■ WHAT IS NEEDED:
For this exercise, repeat the whole listing below exactly. Leave the pictures out.

■ SOURCE DATA:
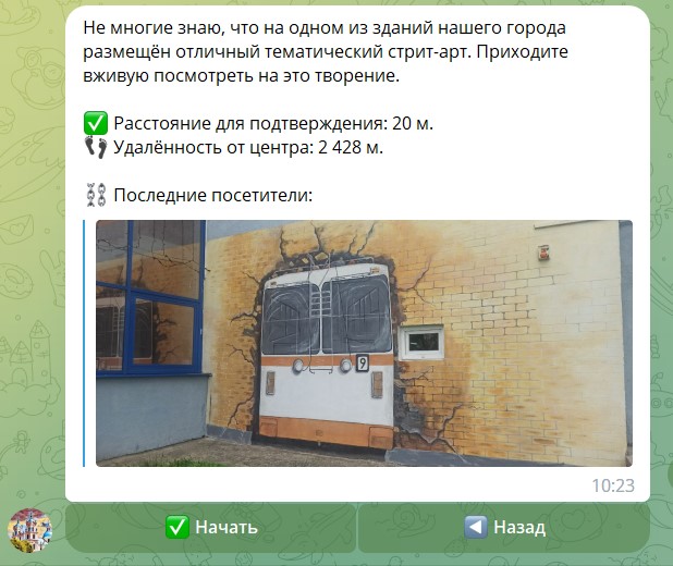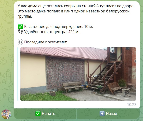 Атрымаўшы заданне, трэба націснуць “Пачаць” і выправіцца ў апісаную лакацыі. Пасля прыбыцця трэба ў плыні хвіліны націснуць на кнопку”Праверыць месца”. Калі месца адгадалі правільна, ваш нік у Telegram з’явіцца ў гэтым заданні ў графе”апошнія наведвальнікі”.
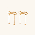 Sleek and sophisticated, these ribbon drop earrings crafted from 18k waterproof gold add a touch of timeless elegance to any ensemble. Their lightweight design and hypoallergenic materials ensure a comfortable, luxurious feel all day long.
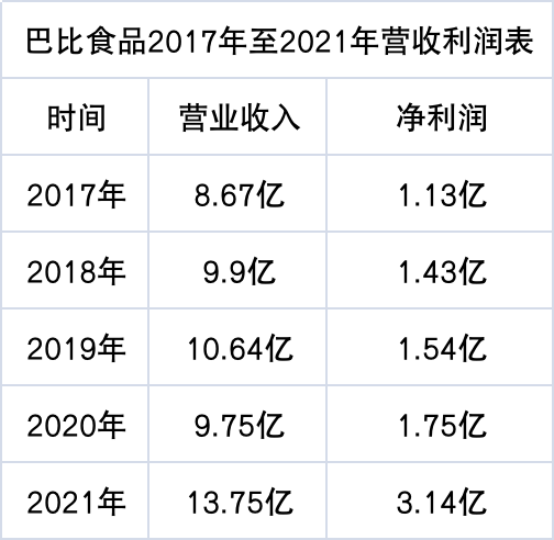 從財務(wù)數(shù)據(jù)看到,巴比饅頭從2017年至2021年,每年營收分別為8.67億、9.9億、10.64億、9.75億和13.75億,對應(yīng)的凈利潤為1.13億、1.43億、1.54億、1.75億、3.14億。
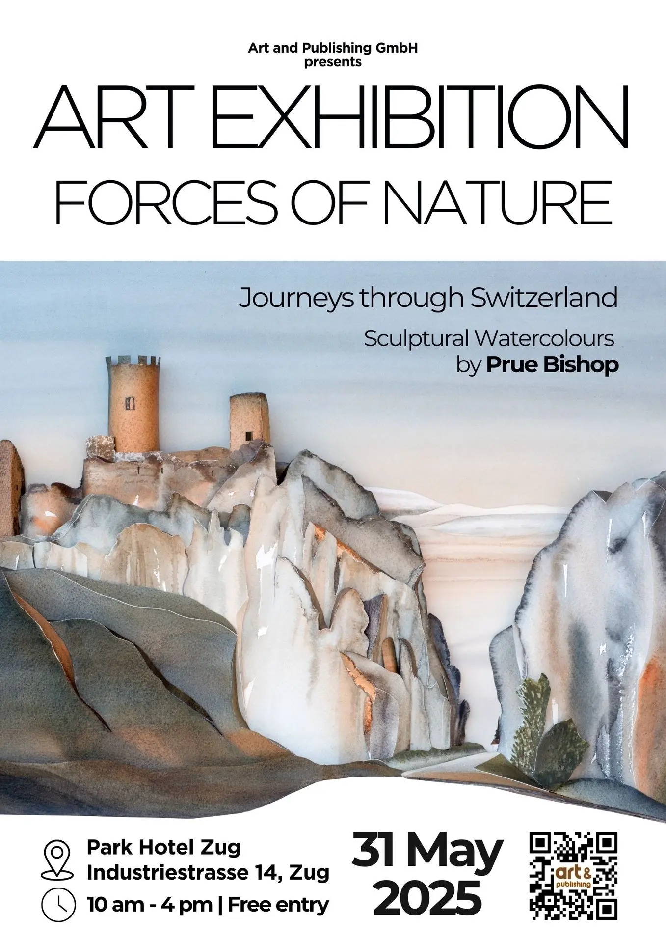 Am Samstag, den 31. Mai 2025, 10:00-16:00, lädt die international tätige Künstlerin Prue Bishop zu einer exklusiven Tagesausstellung ins Park Hotel Zug ein. In der stilvollen Umgebung des Konferenzraums „Symphonie“ präsentiert sie 20 originale Werke in ihrer charakteristischen Technik Sculptural Watercolour® – einer einzigartigen Verbindung von Aquarellmalerei, Struktur und skulpturaler Tiefe.

■ FINISHED TASK:
 Атрымаўшы заданне, трэба націснуць “Пачаць” і выправіцца ў апісаную лакацыі. Пасля прыбыцця трэба ў плыні хвіліны націснуць на кнопку”Праверыць месца”. Калі месца адгадалі правільна, ваш нік у Telegram з’явіцца ў гэтым заданні ў графе”апошнія наведвальнікі”.
 Sleek and sophisticated, these ribbon drop earrings crafted from 18k waterproof gold add a touch of timeless elegance to any ensemble. Their lightweight design and hypoallergenic materials ensure a comfortable, luxurious feel all day long.
 從財務(wù)數(shù)據(jù)看到,巴比饅頭從2017年至2021年,每年營收分別為8.67億、9.9億、10.64億、9.75億和13.75億,對應(yīng)的凈利潤為1.13億、1.43億、1.54億、1.75億、3.14億。
 Am Samstag, den 31. Mai 2025, 10:00-16:00, lädt die international tätige Künstlerin Prue Bishop zu einer exklusiven Tagesausstellung ins Park Hotel Zug ein. In der stilvollen Umgebung des Konferenzraums „Symphonie“ präsentiert sie 20 originale Werke in ihrer charakteristischen Technik Sculptural Watercolour® – einer einzigartigen Verbindung von Aquarellmalerei, Struktur und skulpturaler Tiefe.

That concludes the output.